[[ Information shown, beginning ]]

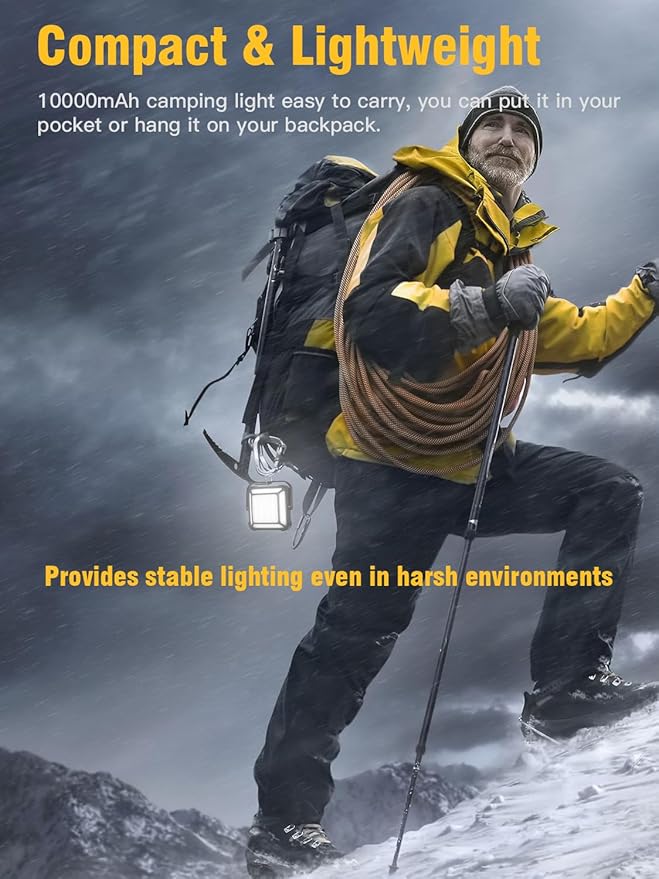 • 【Strong Magnetic Base & Versatile Mounting Options】: With a strong magnetic base, this portable outdoor camping light can attach to any metal surface, making it versatile for tent lights for camping, vehicle repairs, or emergency setups
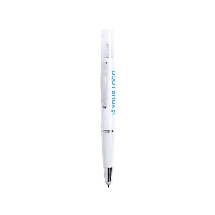 Stylo personnalisable Droplet avec spray intégré et stylet pratique.
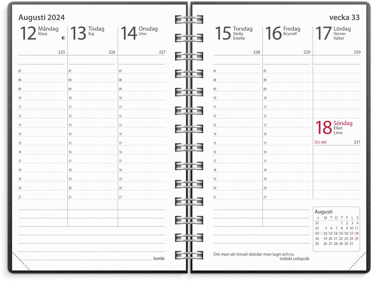 Kalender 2024 från Burde. Format: 83x127 mm. Layout: Stående. Vecka/Uppslag. Timindelning 7-21. Kalendarium: 2023-12-11 - 2025-01-05. Omslag: Återvunnen kartong. Spiralbunden. Innehåll: Årsöversikter, årsplaner, telefonregister. Antal sidor: 144. Miljöinformation: FSC. Omslag i återvunnen kartong. Tillverkad i Småland.

[[ Information shown, end ]]

Your goal >> From the first line of the listing above, repeat every line through the one holding "Stylo personnalisable Droplet". Both ends count, and pictures stay out.

Task solution >>
 • 【Strong Magnetic Base & Versatile Mounting Options】: With a strong magnetic base, this portable outdoor camping light can attach to any metal surface, making it versatile for tent lights for camping, vehicle repairs, or emergency setups
 Stylo personnalisable Droplet avec spray intégré et stylet pratique.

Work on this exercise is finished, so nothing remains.